A method of assigning tasks whereby graph matching with weak 
homomorphism between task graphs and processor graphs is pursued is presented by Shen 
and Tsai. The weak homomorphism chosen minimizes task turnaround time and is termed 
optimal weak homomorphism. This weak homomorphism is found by means of the A* 
algorithm noted in artificial intelligence. By minimizing task turnaround time, this method 
hopes to minimize IPC and optimize load balancing. [SHE 85} 

A static mapping heuristic called declustering is developed by Sih and Lee. 
Clustering techniques divide the nodes of a task graph into groups of nodes. Each of these 
groups is then mapped to the multiprocessor system by some approach. The first part of 
the declustering algorithm is a clustering strategy using an analysis technique to compare 
the trade-off between parallelism and IPC. The algorithm establishes then decomposes the 
parallelism instances in order of importance. The granularity of the clustered nodes are then 
adopted to suit the particular multiprocessor system in use. [STH 93] 

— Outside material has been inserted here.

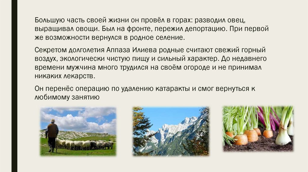 Большую часть своей жизни он провёл в горах: разводил овец,выращивал овощи. Был на фронте, пережил депортацию. При первой

A heuristic utilizing the branch and bound algorithm in the scheduling of 
cooperative, communicating nodes of a task graph is presented by Peng and Shin. The 
objective of their algorithm is to minimize the maximum task response time in real-time 
systems. The heuristic was found to be very efficient and extensible to problems with a 
variety of constraints. [PEN 93] 

A number of heuristic algorithms are proposed by Lo. These algorithms have 
the goal of minimizing execution and communications costs resulting due to a static 
assignment of tasks to processing elements in a distributed system. Interference costs, 
which result when multiple tasks are assigned to the same processor, were included in these 
algorithms. These algorithms worked well in simulation on a variety of systems. Further, 
Lo’s research indicated that extremely complex algorithms did not perform significantly 
better than more efficient algorithms. [LOV 88]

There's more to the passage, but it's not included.